What to produce —
The exact lines from the start of the material below through the line holding "de Madame Odette ROLLO née DANIEL" are the answer; return those, pictures excluded.
·····
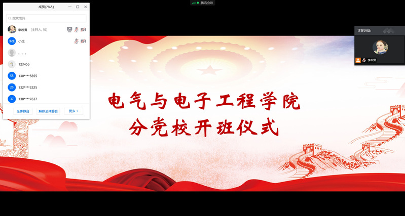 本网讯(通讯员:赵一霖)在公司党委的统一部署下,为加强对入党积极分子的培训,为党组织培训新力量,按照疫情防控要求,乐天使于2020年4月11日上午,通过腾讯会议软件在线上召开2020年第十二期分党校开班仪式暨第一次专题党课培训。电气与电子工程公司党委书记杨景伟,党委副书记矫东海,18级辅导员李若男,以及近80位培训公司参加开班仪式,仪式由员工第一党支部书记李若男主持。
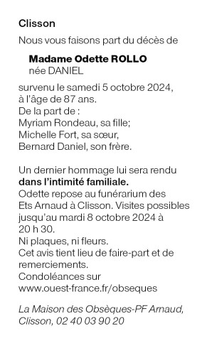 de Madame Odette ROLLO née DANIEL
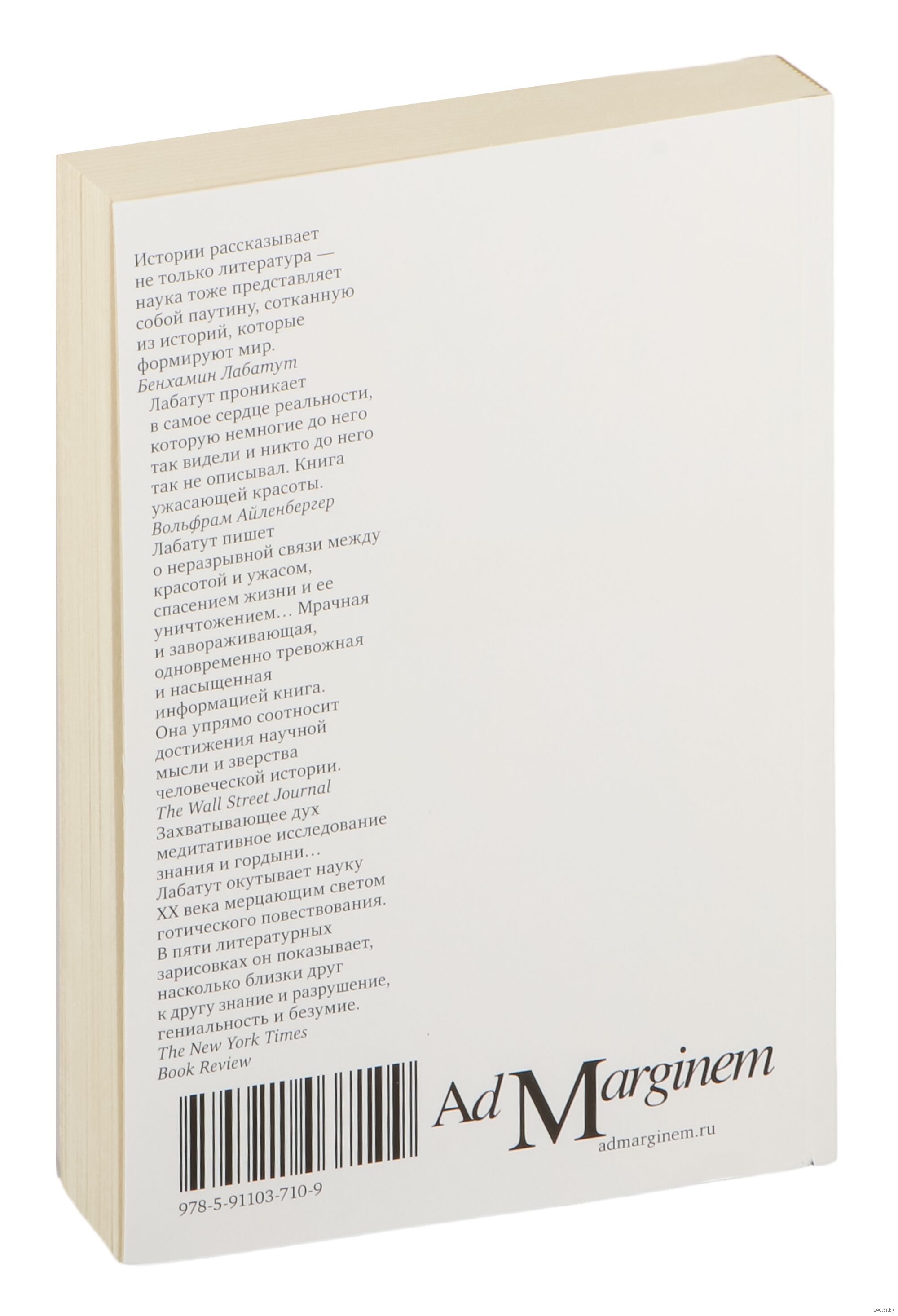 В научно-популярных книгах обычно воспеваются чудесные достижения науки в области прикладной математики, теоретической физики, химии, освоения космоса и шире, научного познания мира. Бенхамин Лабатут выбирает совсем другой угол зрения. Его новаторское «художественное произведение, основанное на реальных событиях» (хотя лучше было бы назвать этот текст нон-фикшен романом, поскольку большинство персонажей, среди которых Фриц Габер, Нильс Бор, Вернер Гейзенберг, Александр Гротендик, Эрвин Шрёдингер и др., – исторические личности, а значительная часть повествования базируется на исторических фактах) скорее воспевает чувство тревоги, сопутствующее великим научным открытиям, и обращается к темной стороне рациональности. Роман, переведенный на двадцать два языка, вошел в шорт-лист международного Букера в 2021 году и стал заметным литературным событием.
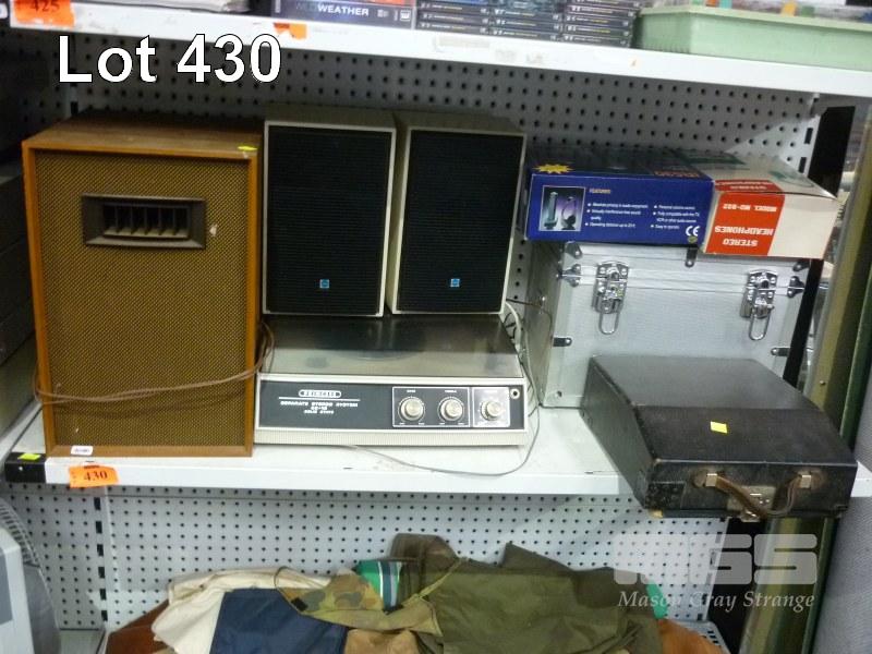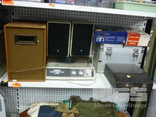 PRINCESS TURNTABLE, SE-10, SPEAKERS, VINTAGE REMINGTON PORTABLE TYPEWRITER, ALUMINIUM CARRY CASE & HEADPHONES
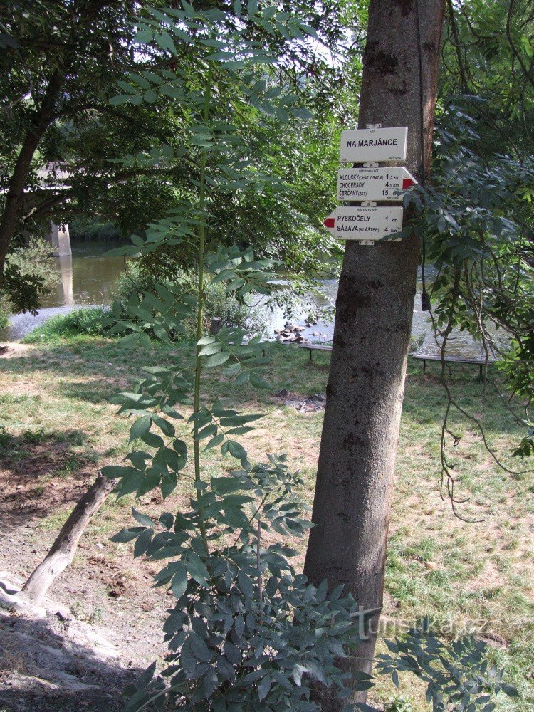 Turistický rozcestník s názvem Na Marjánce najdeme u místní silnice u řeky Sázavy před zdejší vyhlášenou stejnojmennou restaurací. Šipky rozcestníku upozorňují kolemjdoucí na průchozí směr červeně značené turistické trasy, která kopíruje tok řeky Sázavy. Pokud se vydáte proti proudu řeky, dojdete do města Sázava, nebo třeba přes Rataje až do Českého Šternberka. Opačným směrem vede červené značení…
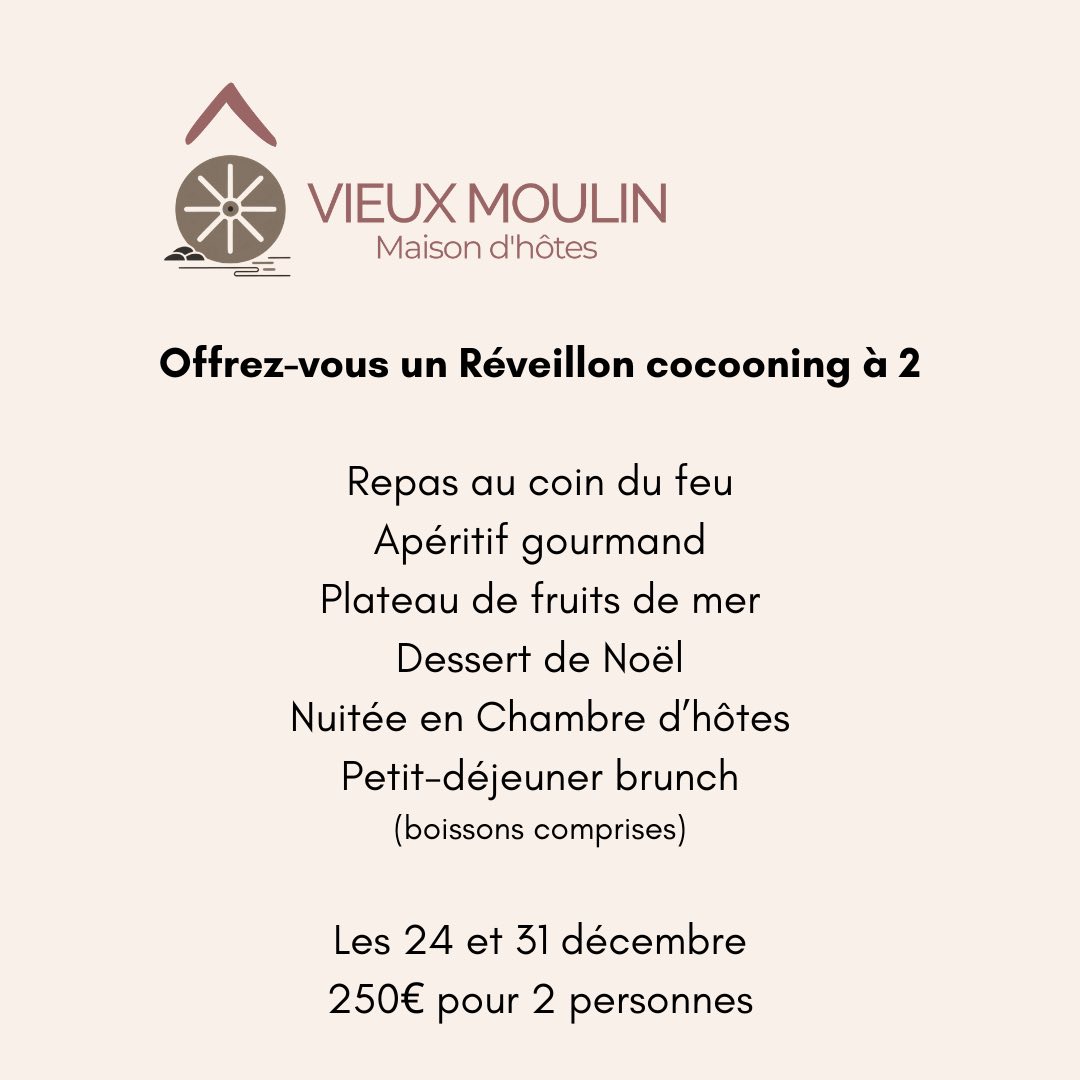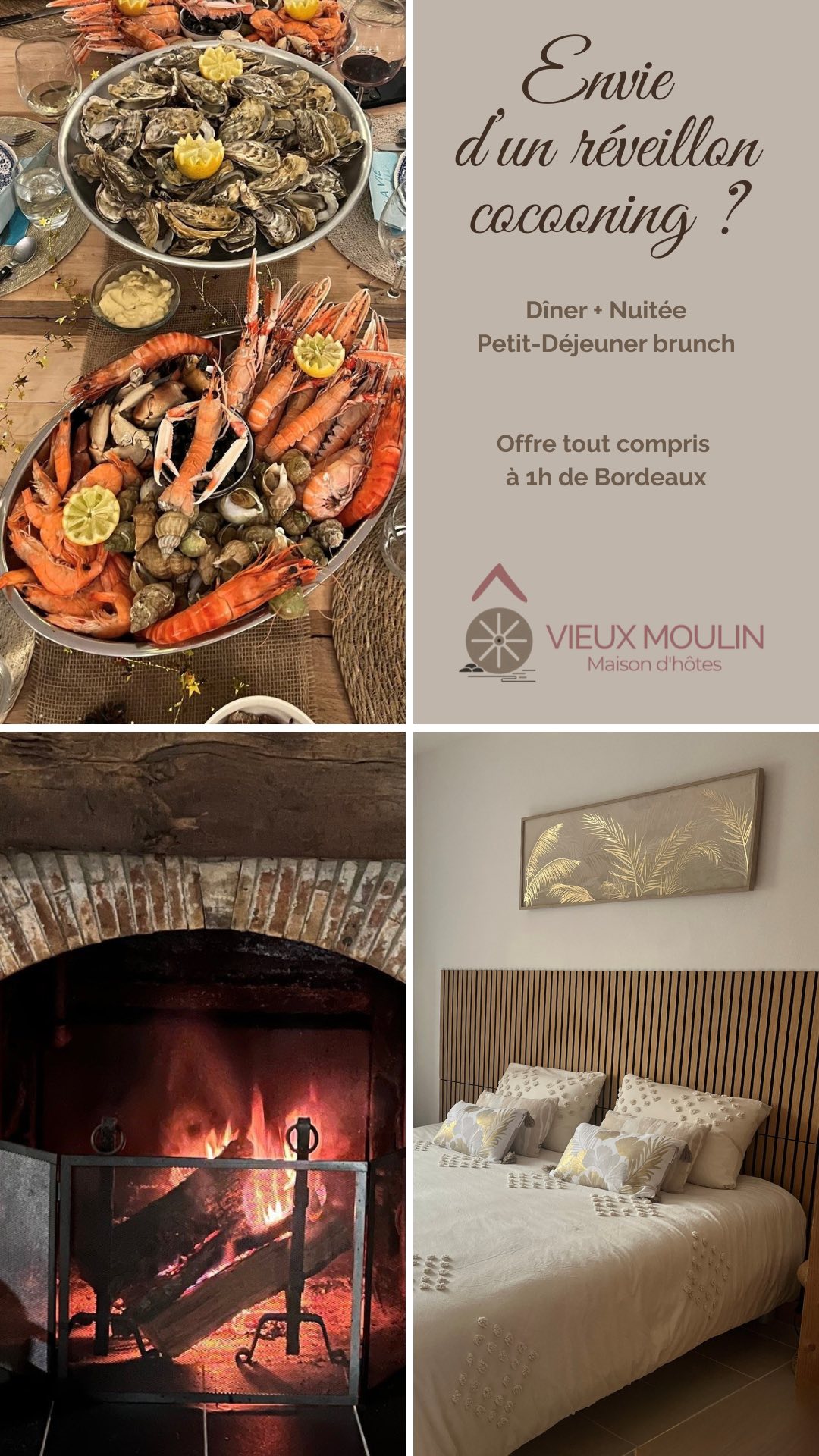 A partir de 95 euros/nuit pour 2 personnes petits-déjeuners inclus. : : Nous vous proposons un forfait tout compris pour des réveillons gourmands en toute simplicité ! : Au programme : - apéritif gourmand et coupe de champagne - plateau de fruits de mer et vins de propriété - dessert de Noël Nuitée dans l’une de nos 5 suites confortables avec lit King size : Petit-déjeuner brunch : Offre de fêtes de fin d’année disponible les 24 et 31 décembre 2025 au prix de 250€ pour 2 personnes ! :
·····
Answer —
 本网讯(通讯员:赵一霖)在公司党委的统一部署下,为加强对入党积极分子的培训,为党组织培训新力量,按照疫情防控要求,乐天使于2020年4月11日上午,通过腾讯会议软件在线上召开2020年第十二期分党校开班仪式暨第一次专题党课培训。电气与电子工程公司党委书记杨景伟,党委副书记矫东海,18级辅导员李若男,以及近80位培训公司参加开班仪式,仪式由员工第一党支部书记李若男主持。
 de Madame Odette ROLLO née DANIEL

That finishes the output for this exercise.